Les indices du zeugme dans la deuxième acception du mot, plus importante pour la poétique et la critique littéraire que la première, sont : 1. la présence d'une chaîne paratactique (sans indication de la nature du rapport) des termes similaires: J'ai traversé sur mes souliers ferrés le monde et la misère. (F. Leclerc); 2. l'hétérogénéité sémantique des mots grammaticalement homogènes qui forment cette chaîne: le monde «concret», la misère «abstrait»; 3. la présence d'un terme-noyau qui ne fait pas partie de cette chaîne paratactique et qui est lié avec chacun de ses membres par des liens hypotactiques: traverser le monde; traverser la misère; 4. l'actualisation simultanée de deux significations différentes dans le mot-noyau: traverser/«voyager» et «vivre».
Le zeugme est proche du calembour, de la syllepse et de l'antanaclase. Ce qui le distingue du calembour, c'est ce que le calembour ayant des indices sémantiques stricts, n'est pas strictement structuré, comme le zeugme. La même chose avec la syllepse qui, elle aussi, actualise deux significations à la fois, mais ne crée pas obligatoirement l'effet comique, comme le calembour, et n'est pas strictement structuré, comme l'est le zeugme: La conversation de Charles était plate comme un trottoir de rue (G. Flaubert). La différence entre l'antanaclase et le zeugme consiste en ce que dans l'antanaclase le mot polysémique qui actualise dans le texte deux ou même trois de ses significations, se répète dans le micro-contexte pour chacune des significations actualisées: Il y en a qui élèvent des enfants, d'autres qui élèvent des poulets ou des vaches, moi, j'élève la voix (J. Prévert).
A titre de mot-noyau on voit dans le zeugme le plus souvent un verbe, alors que dans la chaîne des termes similaires ce sont des noms qui dominent. La collection des modèles du zeugme est assez grande: en français, par ex., on en constate 23. Un modèle intéressant représente deux phrases soudées ayant un prédicat commun: Son corps nageait dans l'eau verte, et son esprit dans l'opulence (H. Troyat).
Pour ce qui est du degré de la cohérence sémantique, on pourrait distinguer trois types du zeugme: faible, fort et paradoxal. Le type faible. Le mot-noyau actualise non pas des significations différentes que l'on trouve fixées dans un dictionnaire, mais des nuances à peine perceptibles. Dans la chaîne des termes similaires on voit une cohérence syntaxique complète et une cohérence morphologique partielle: La poussière et les mouches s'élevaient de la route (R. Rolland).
Le type fort. Le mot-noyau actualise des significations évidemment différentes. Dans la chaîne dépendante on observe une incohérence sémantique fort prononcée, une cohérence syntaxique complète et une cohérence morphologique partielle: «He put his little kit in his pocket and with it his desire to stay a little while with Caddy» (Ch. Dickens).

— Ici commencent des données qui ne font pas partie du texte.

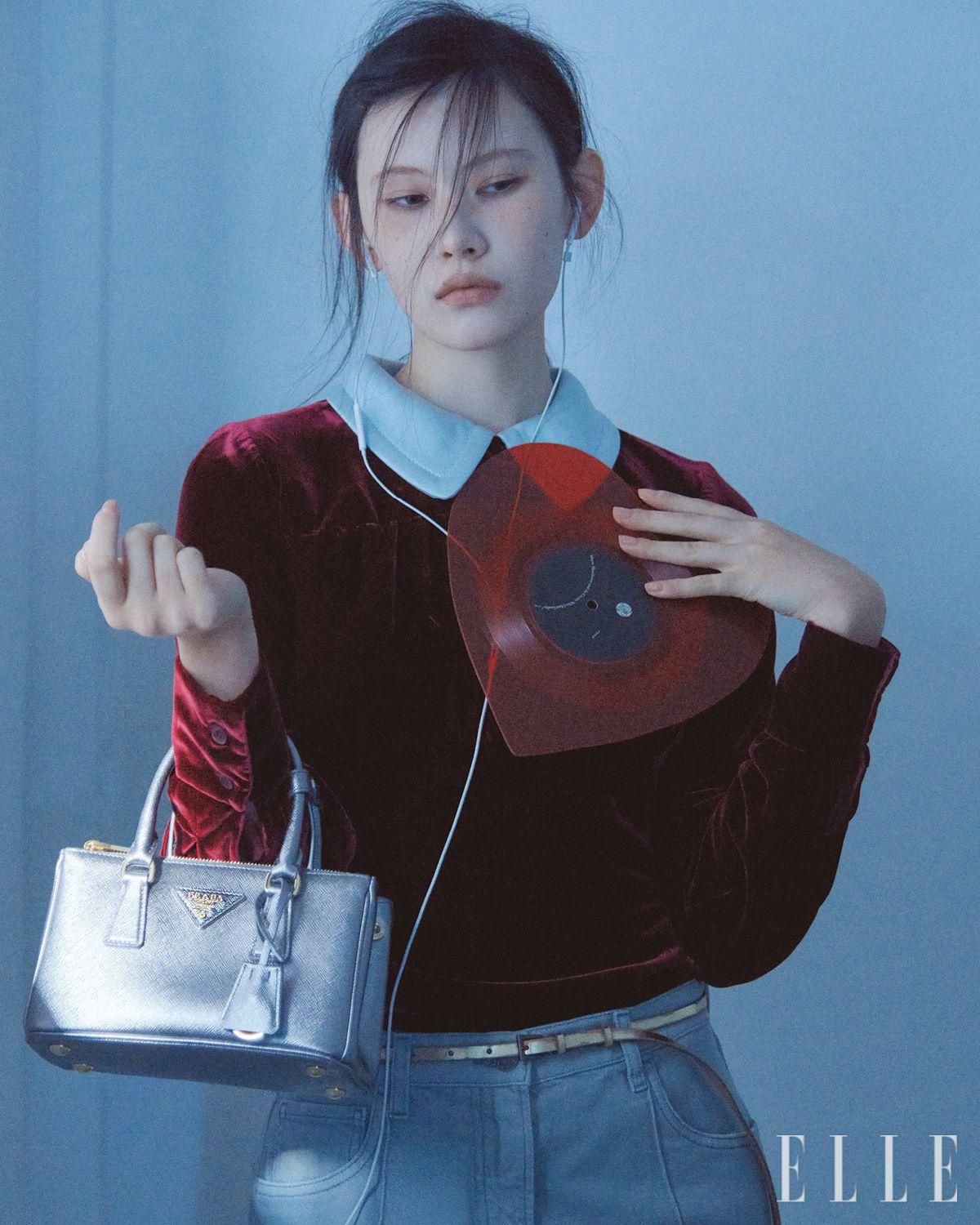 벨벳 톱과 데님 팬츠, 메탈릭 벨트, 갤러리아 페이턴트 사피아노 레더 미니 백은 모두 Prada.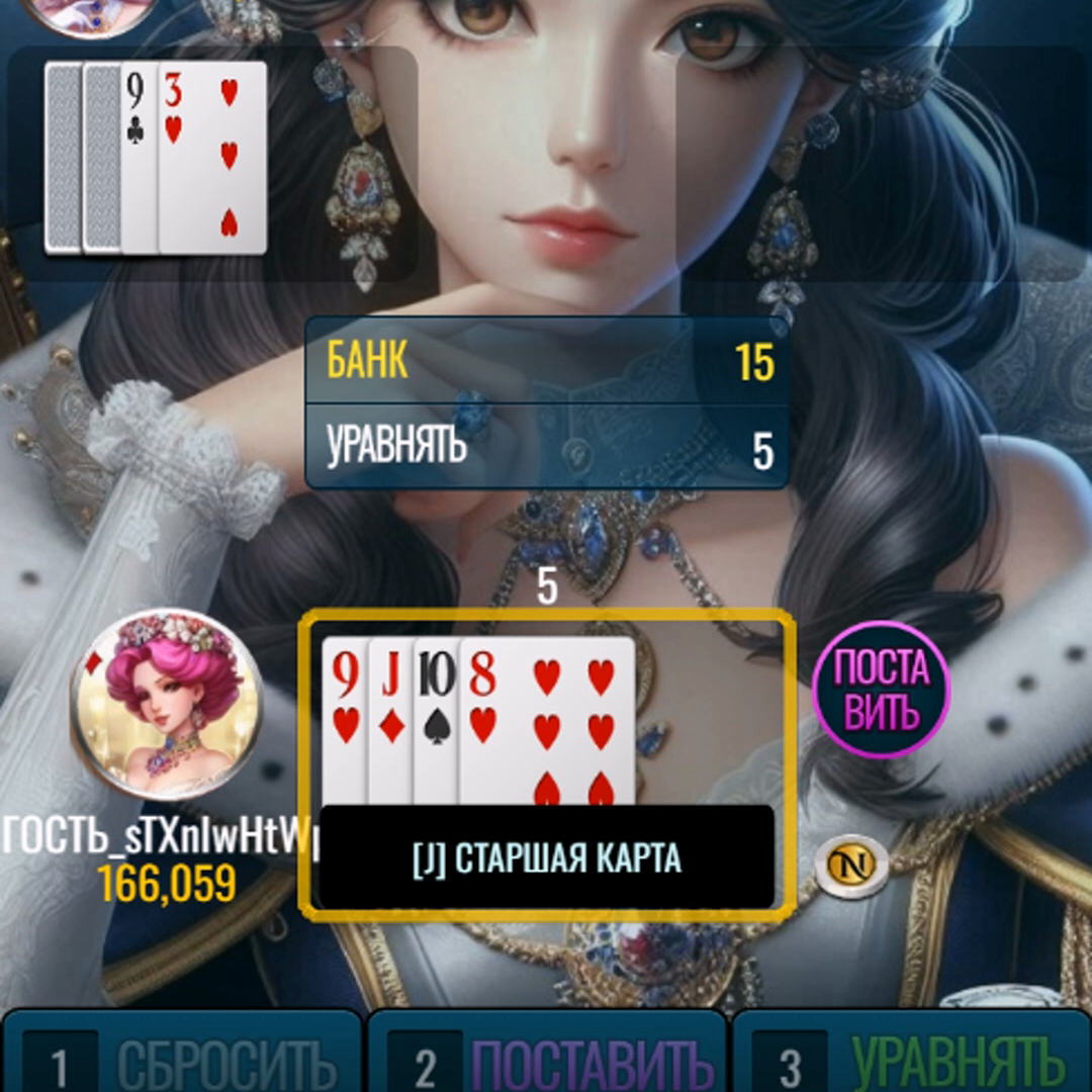 фина́л раунд ставок · Игроки получают последнюю карту. Игроки могут открыть ее самостоятельно, нажав на карту. · Игроки делают ставки на основе комбинации из пяти лучших карт в своих руках.

Le type paradoxal. Le mot-noyau peut actualiser des significations différentes, mais ce n'est pas strictement nécessaire. Dans la chaîne dépendante on voit une cohérence morphologique complète et une incohérence syntaxique complète ce qui entraîne une incohérence sémantique fort prononcée, reductio ad absurdo: Vous rencontrez une personne plus âgée que vous qui vous demande en mariage, mais soit par intérêt, soit par un clair matin de printemps, vous refusez la main (P. Dac).
Né comme lapsus linguae, le zeugme apparaît dans un bon mot qui est apprécié et répété, dans une blague anonyme: Ah, dit-il en riant et en portugais. Du langage spontané il passe dans la langue des belles lettres, d'abord comme l'imitation d'une faute drôle dans le discours du personnage: Tout jeune Napoléon était très maigre et officier d'artillerie. /Plus tard il devint empereur/ alors il prit du ventre et beaucoup de pays (J. Prévert, Composition française). Dans le discours de l'auteur le zeugme peut créer un effet comique en caractérisant d'une façon ironique un personnage, une scène, une couche sociale: Robert avait toujours exigé sa ration de sucre dans le café et de politesse dans la conversation (H. Bazin). Le zeugme est très organique pour la perception associative du monde propre à un poète: Le ciel s'est couvert de rage et de plumes (R. Queneau).
L'effet stylistique créé par le zeugme est basé sur la combinaison originale d'une stricte symétrie extérieure (morpho-syntaxique) avec une asymétrie interne (sémantique) plus ou moins évidente.
Dans la langue des belles lettres le zeugme est un phénomène assez rare. Mais il y a des écrivains qui sont particulièrement attirés par la liberté nonchalante et élégante de ce procédé, par la complication de la chaîne de paroles que cette anomalie cause: Ch. Dickens, O. Henry, H. Heine, R. Rolland, H. Bazin, J. Prévert, A. Voznessenski et d'autres.